Anxiety disorders are a group of conditions characterised by extreme worry which affects daily functioning.
Anxiety Disorders Scientific Explanation
Anxiety serves an adaptive and life-saving function — it serves as a warning of threats to us. It becomes a disorder when the anxiety overwhelms an individual to the point of him/her not being able to function. There is evidence to suggest that anxiety disorders result from abnormal neurotransmitter function. There are also psychological theories that try to explain the cause for anxiety disorders.
What are the Common Types of Anxiety Disorders in Asian Women?
There is little evidence that Asian women are different from any other population.The common types of anxiety disorders are: Social phobia, simple phobia, panic disorder, generalized anxiety disorder and obsessive compulsive disorder. Post-traumatic stress disorder is an anxiety disorder that occurs in people who have had especially traumatic experiences.
What are the Main Causes of Anxiety Disorders?

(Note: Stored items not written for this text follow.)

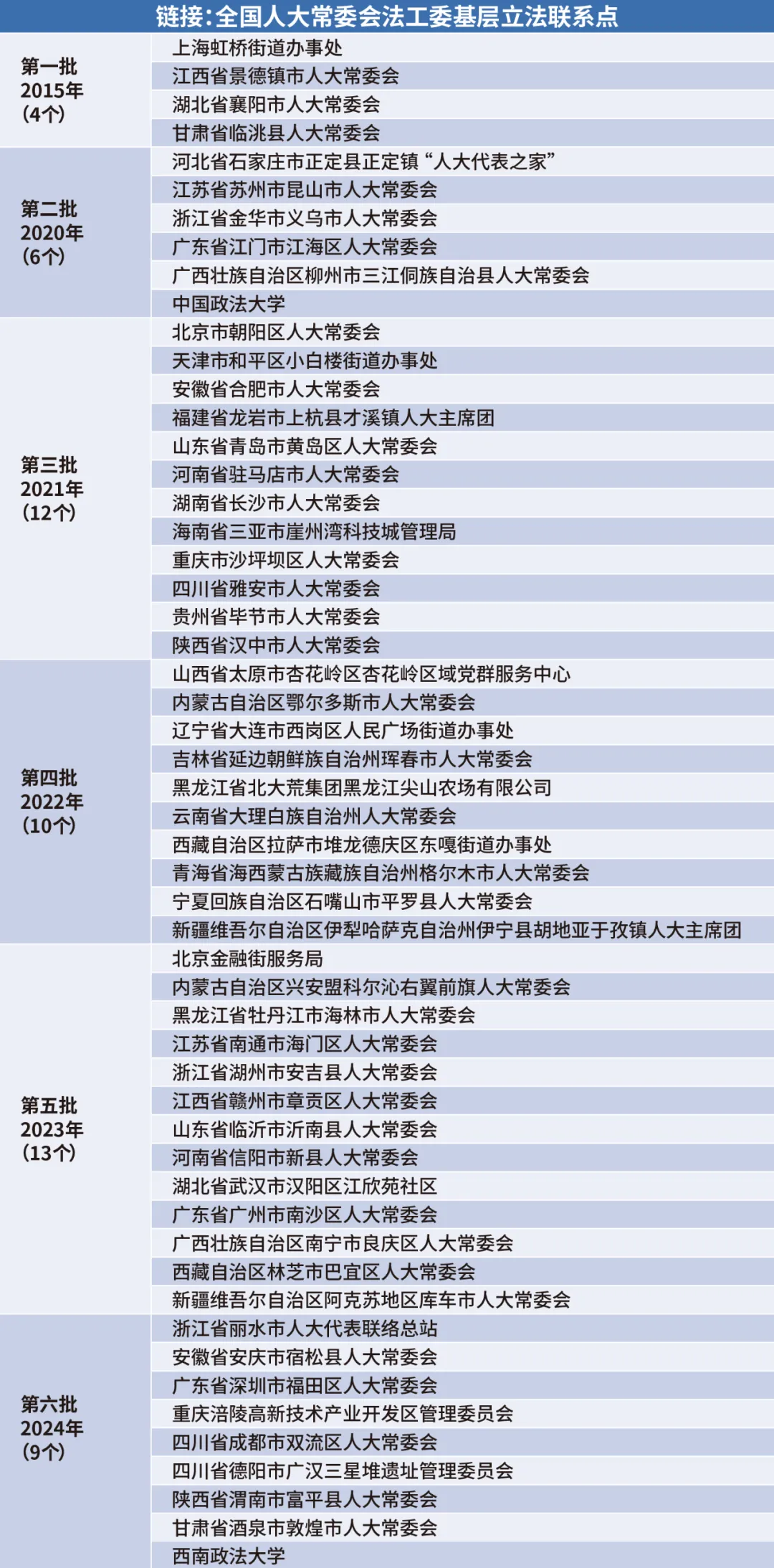 之后,2020年7月,《工作規(guī)則》首次修訂,通過(guò)豐富聯(lián)系點(diǎn)形式、強(qiáng)化輻射功能,基層立法聯(lián)系點(diǎn)進(jìn)入擴(kuò)容提質(zhì)的快車(chē)道。截至目前,全國(guó)人大常委會(huì)法工委設(shè)立54個(gè)基層立法聯(lián)系點(diǎn),實(shí)現(xiàn)全國(guó)31個(gè)省(區(qū)、市)設(shè)點(diǎn)全覆蓋。
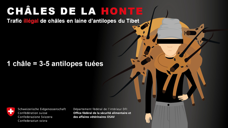 Le commerce des châles en laine shahtoosh - considérée comme la plus fine du monde - est strictement interdit. Aussi, depuis 2013, l’Office fédéral de la sécurité alimentaire et des affaires vétérinaires (OSAV) effectue des contrôles renforcés en collaboration avec l’Administration fédérale des douanes (AFD). Chaque année, de nombreux châles sont ainsi saisis en Suisse. Il est indispensable d’encourager la collaboration internationale et de sensibiliser les clients potentiels pour contrer efficacement ce commerce illégal et contribuer à la sauvegarde de cette espèce menacée et donc strictement protégée, insiste l’OSAV dans son communiqué.
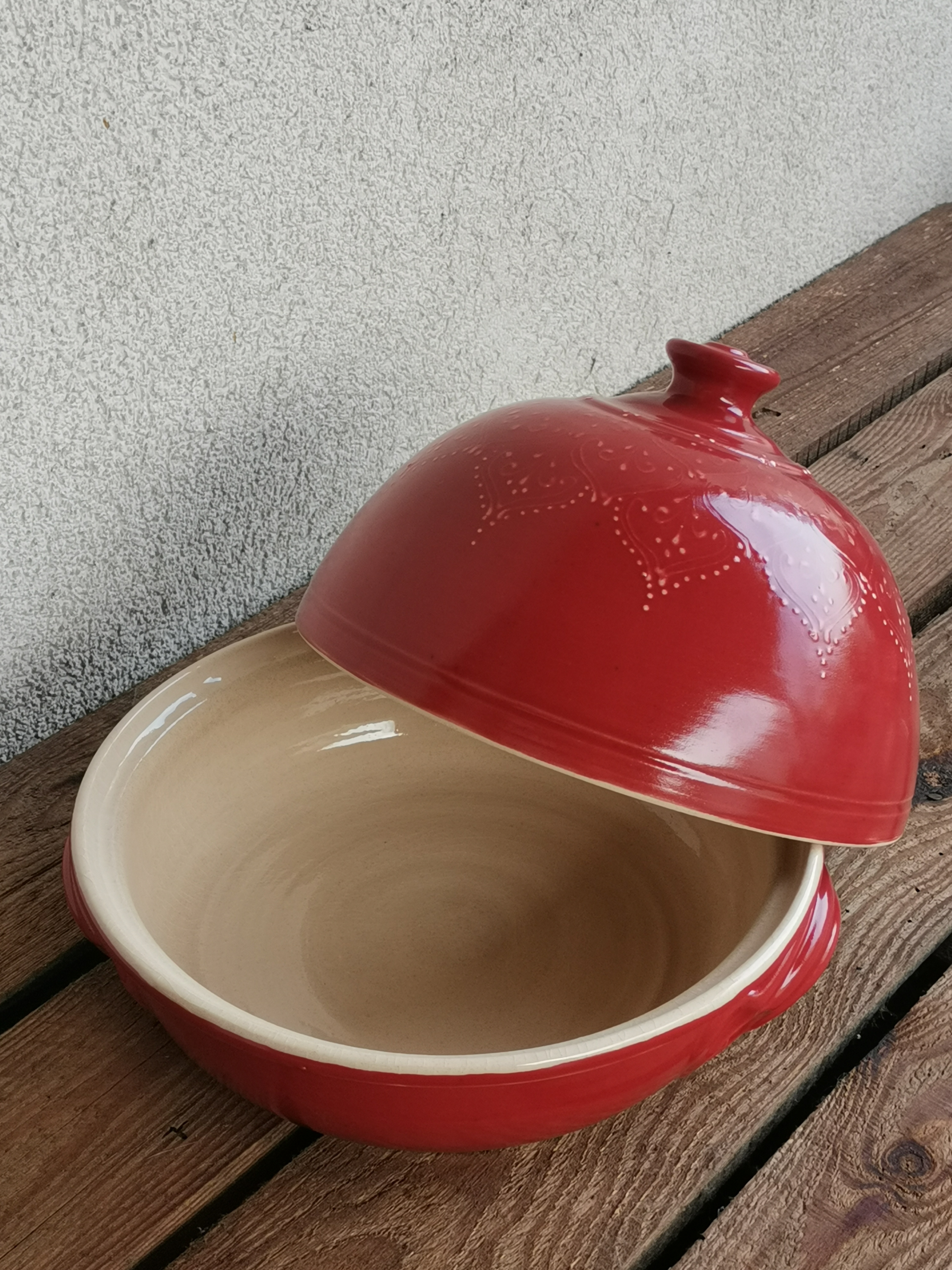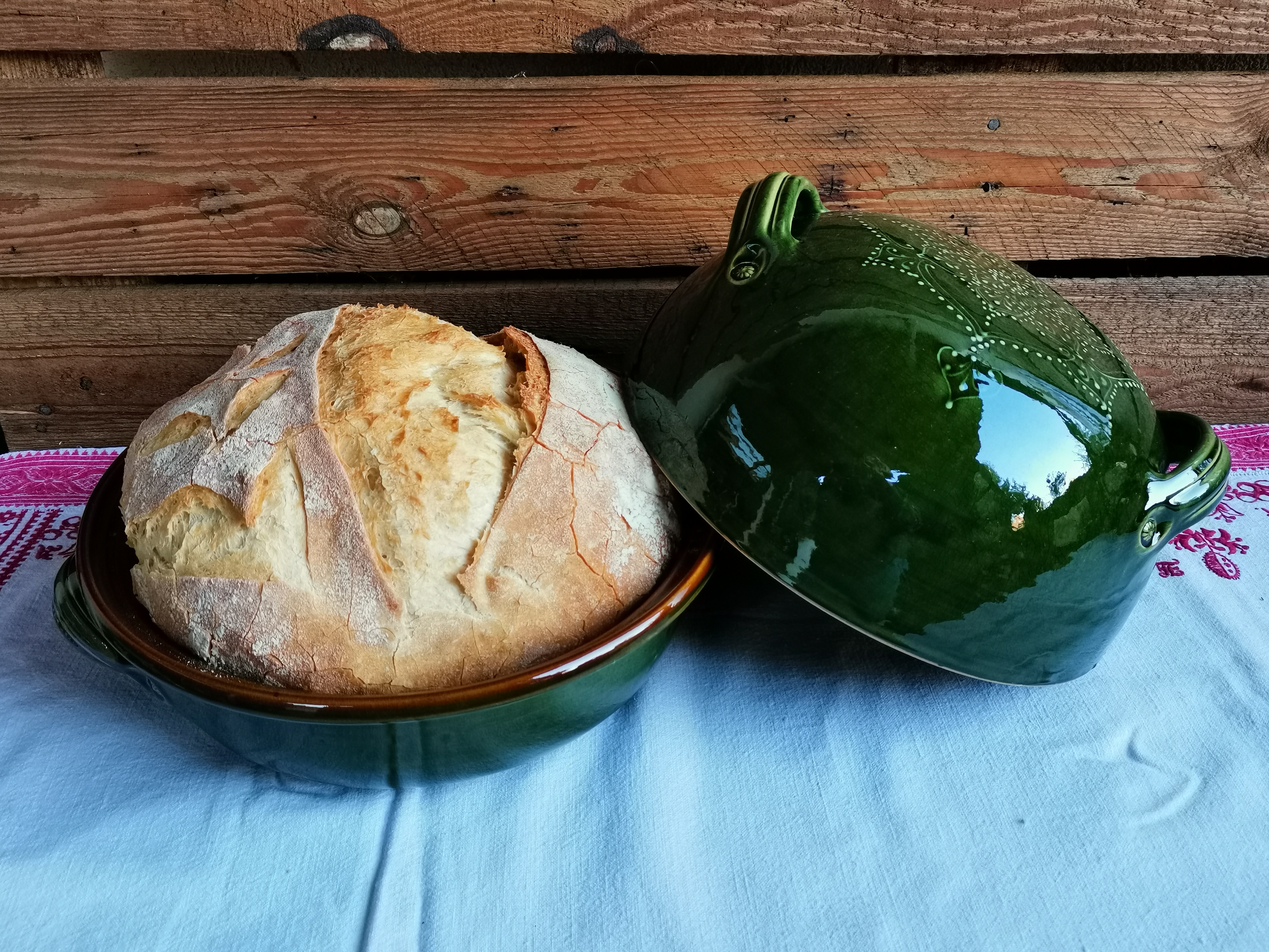 Kenyérsütőink kézzel korongozott kerek fedeles edények, sütőben és kemencében használhatóak, akár élesztős, akár kovászos kenyérhez. A kerek sütőformák 26-28-30-32 cm átmérővel készülnek, 26.000-28.000-30.000-32.000 Ft-os áron. A legkisebb kenyérsütőben egy kiló alatti,kb. 0.5-0.8 kilogrammos kenyér készíthető. A legnagyobban pedig a másfél-két kilós kenyér.
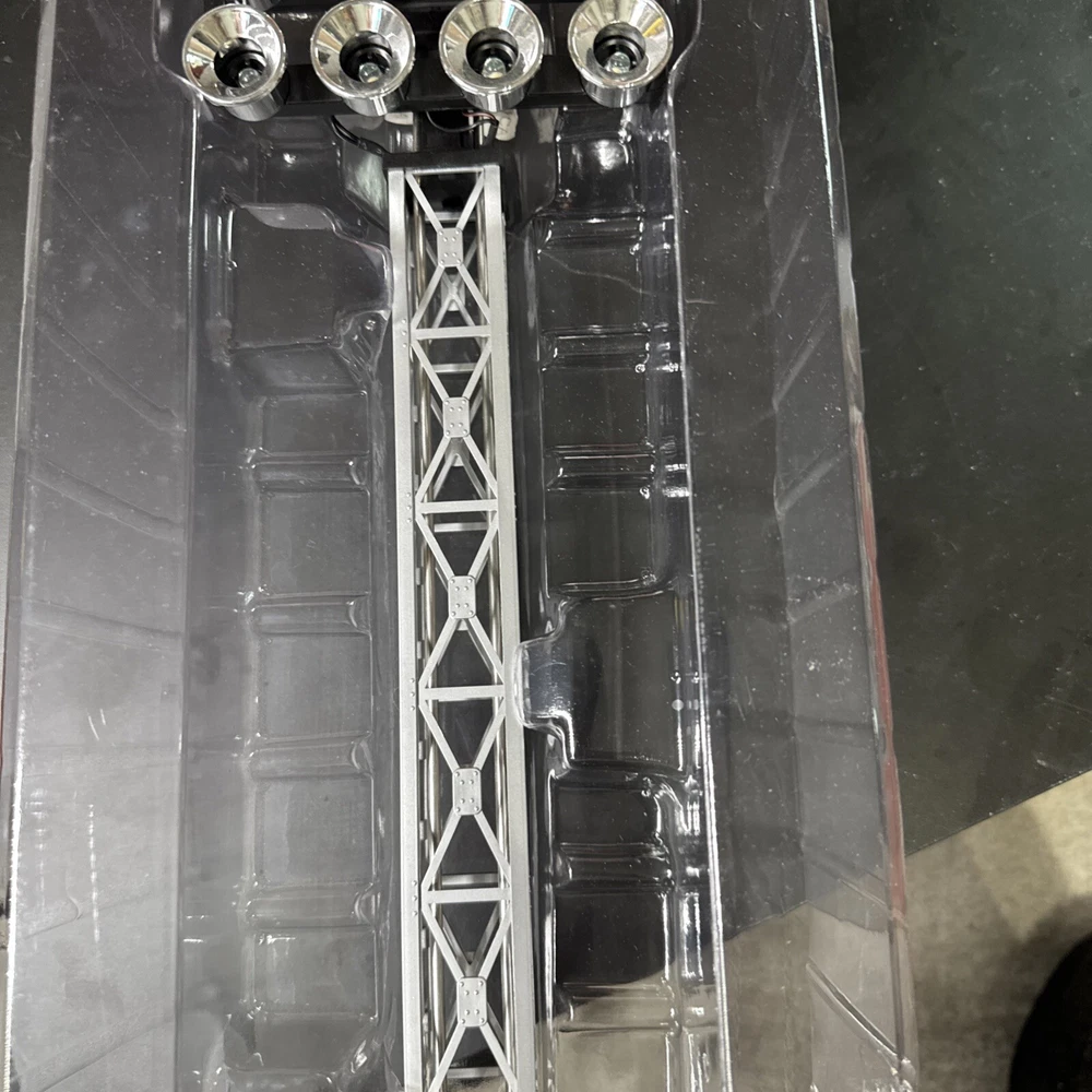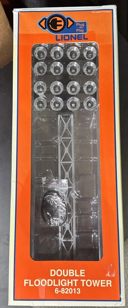 Open box. Never installed nor used. Excellent mint shape. Tested and verified operational. The Lionel Double Floodlight Tower is a pre-built, silver-colored accessory for model railroads in a 1:48 scale. It features two floodlights that can be easily plugged in and controlled using an analog system. Suitable for ages 8-11 years, this plastic unit from China is part of the Plug-N-Play series by Lionel, designed to enhance the realism of train track layouts.

There are many ways to view the causes of anxiety disorders – biological (genetic, neurophysiological and neuroanatomical changes), cognitive (the way one learns to perceive self and threats in the environment), developmental (the way one builds secure relationships to protect against threats) and psychodynamic (how one copes with unconscious fears and conflicts) – and there is a multitude of evidence for each of these pathways. It seems likely that for any disorder to develop, there is a confluence of factors.
What are the Ways to Treat these Disorders?
The main methods of treatment are medication and psychotherapy. The form of psychotherapy chosen will reflect the particular circumstances of the therapist, the patient and the presenting situation.
Are Anxiety Disorders curable? What is the Proportion of patients who actually Overcome their Conditions?
The response to either medication or cognitive-behavioural therapy in anxiety disorders is in the range of 55-65%. There are variations according to the medication used, concomitant therapy and the population studied. Some studies have shown that a combination of medication and cognitive-behavioural therapy is superior to either for long-term prevention of relapses.
Can a Patient “Snap out of it”? If so, in what Cases do they do so?
The Patients with definite anxiety disorder probably cannot ‘snap out of it’. I think anybody who has had these distressing symptoms would probably have done so on their own, if they could. Hearing such advice from other people often worsens their sense of guilt and helplessness.
What is the Difference between Anxiety Disorder and Paranoia?
When lay people use the term ‘paranoia’, they often mean the same thing as anxiety. E.g. “I’m paranoid about getting a speeding ticket”. What psychiatrists call paranoia is something quite different. Paranoia refers to having ideas which are delusional in nature – they are ideas arrived at by illogical and pathological means, and firmly believed in the face of all evidence to the contrary. This is usually found in psychotic disorders. In anxiety disorders, the focus of worry is logical and understandable but the reaction is excessive and has disabling symptoms like insomnia or avoidance.